**DATASET EXTRACT**
• • • • • • •
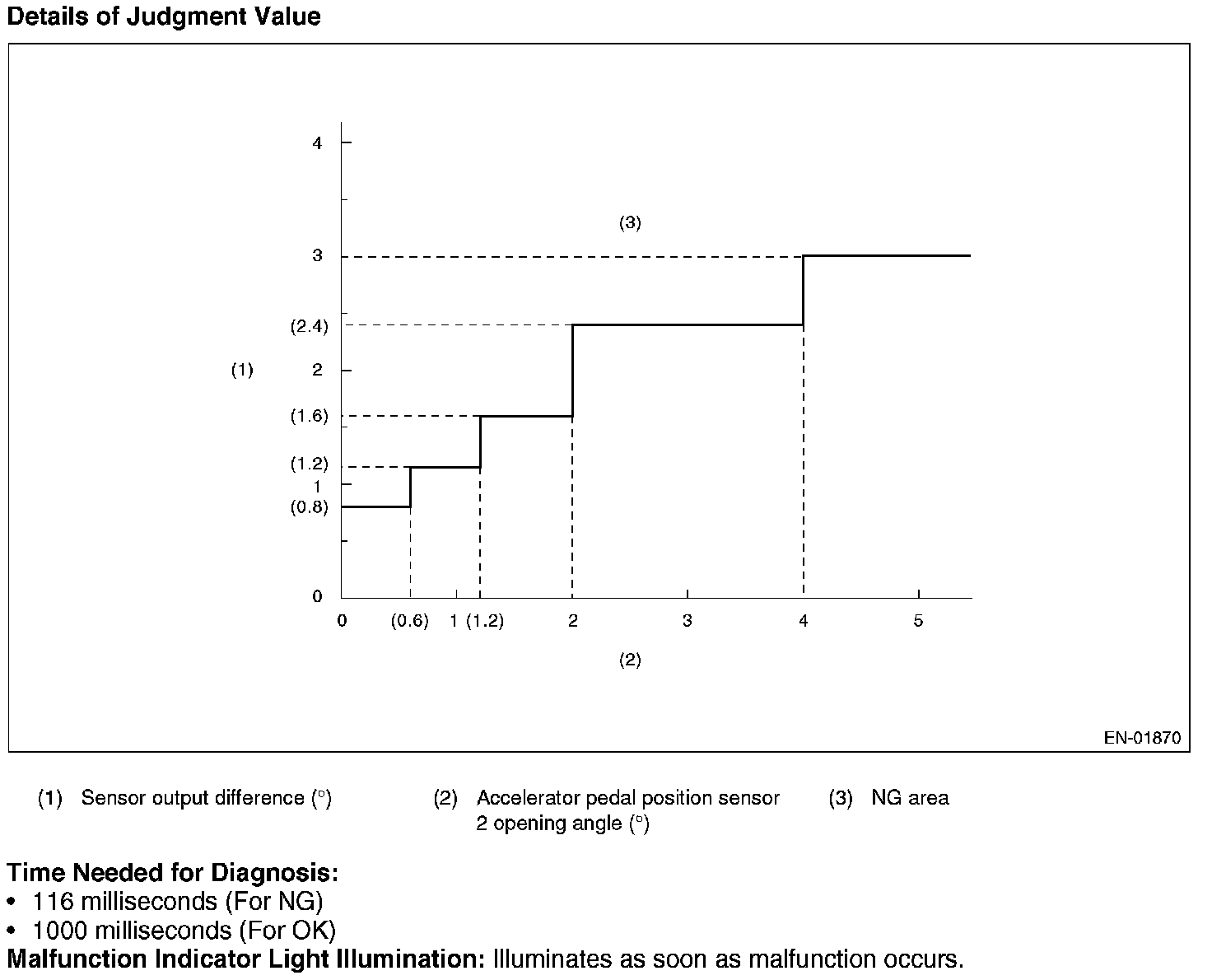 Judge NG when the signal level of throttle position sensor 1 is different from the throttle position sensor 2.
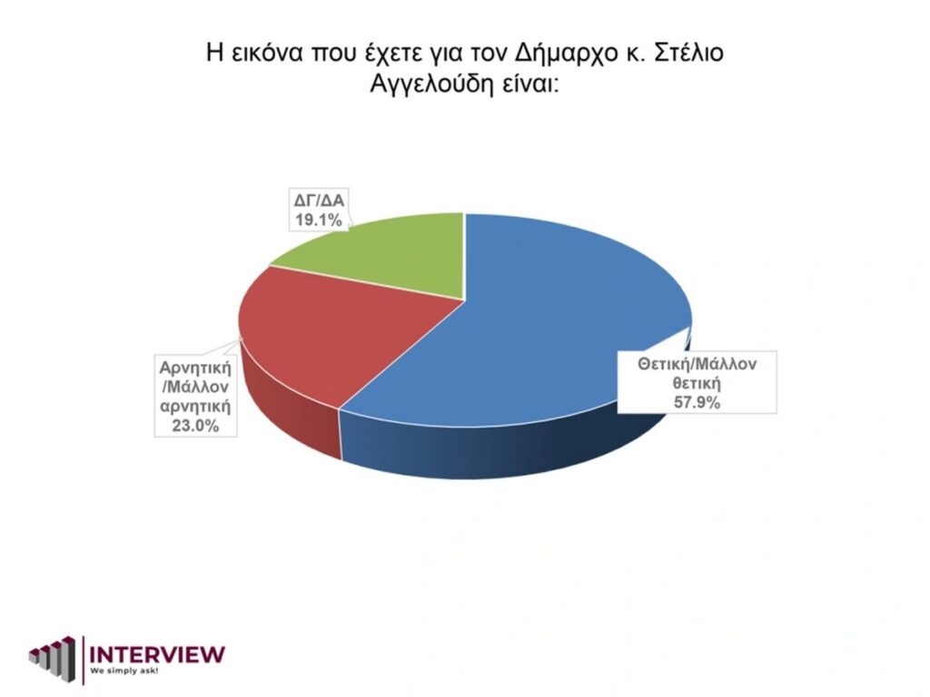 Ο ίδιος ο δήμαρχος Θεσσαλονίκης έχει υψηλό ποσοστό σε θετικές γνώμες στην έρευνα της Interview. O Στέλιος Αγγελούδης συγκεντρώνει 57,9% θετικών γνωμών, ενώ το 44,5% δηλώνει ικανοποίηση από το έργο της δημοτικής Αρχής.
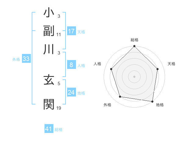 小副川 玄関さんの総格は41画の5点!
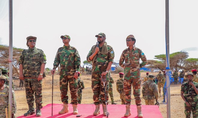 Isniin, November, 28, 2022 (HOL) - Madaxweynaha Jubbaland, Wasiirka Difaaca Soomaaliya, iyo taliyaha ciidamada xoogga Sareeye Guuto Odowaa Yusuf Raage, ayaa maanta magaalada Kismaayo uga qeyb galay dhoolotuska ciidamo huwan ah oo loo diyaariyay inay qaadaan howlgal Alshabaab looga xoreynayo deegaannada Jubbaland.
• • • • • • •
**YOUR GOAL**
Starting at the line that contains "小副川 玄関さんの総格は41画の5点!", restate each line verbatim through the final line of the listing, skipping all pictures.

**ANSWER BOX**
 小副川 玄関さんの総格は41画の5点!
 Isniin, November, 28, 2022 (HOL) - Madaxweynaha Jubbaland, Wasiirka Difaaca Soomaaliya, iyo taliyaha ciidamada xoogga Sareeye Guuto Odowaa Yusuf Raage, ayaa maanta magaalada Kismaayo uga qeyb galay dhoolotuska ciidamo huwan ah oo loo diyaariyay inay qaadaan howlgal Alshabaab looga xoreynayo deegaannada Jubbaland.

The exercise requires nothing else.